Exercise data –
* * *

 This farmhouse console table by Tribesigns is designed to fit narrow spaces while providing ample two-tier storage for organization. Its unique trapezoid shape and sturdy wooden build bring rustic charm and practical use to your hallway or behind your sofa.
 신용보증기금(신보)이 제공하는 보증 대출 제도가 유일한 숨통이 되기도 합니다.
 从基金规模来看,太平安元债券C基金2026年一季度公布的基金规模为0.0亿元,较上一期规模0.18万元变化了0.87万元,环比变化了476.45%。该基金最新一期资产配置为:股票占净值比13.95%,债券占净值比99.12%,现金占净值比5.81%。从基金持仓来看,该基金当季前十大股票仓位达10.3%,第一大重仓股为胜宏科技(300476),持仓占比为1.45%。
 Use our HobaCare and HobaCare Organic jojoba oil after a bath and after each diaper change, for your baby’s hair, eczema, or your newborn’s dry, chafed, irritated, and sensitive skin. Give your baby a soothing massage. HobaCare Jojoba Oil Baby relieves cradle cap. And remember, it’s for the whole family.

* * *

Your goal –
What you return must match the data word for word.

Solution for this problem –
 This farmhouse console table by Tribesigns is designed to fit narrow spaces while providing ample two-tier storage for organization. Its unique trapezoid shape and sturdy wooden build bring rustic charm and practical use to your hallway or behind your sofa.
 신용보증기금(신보)이 제공하는 보증 대출 제도가 유일한 숨통이 되기도 합니다.
 从基金规模来看,太平安元债券C基金2026年一季度公布的基金规模为0.0亿元,较上一期规模0.18万元变化了0.87万元,环比变化了476.45%。该基金最新一期资产配置为:股票占净值比13.95%,债券占净值比99.12%,现金占净值比5.81%。从基金持仓来看,该基金当季前十大股票仓位达10.3%,第一大重仓股为胜宏科技(300476),持仓占比为1.45%。
 Use our HobaCare and HobaCare Organic jojoba oil after a bath and after each diaper change, for your baby’s hair, eczema, or your newborn’s dry, chafed, irritated, and sensitive skin. Give your baby a soothing massage. HobaCare Jojoba Oil Baby relieves cradle cap. And remember, it’s for the whole family.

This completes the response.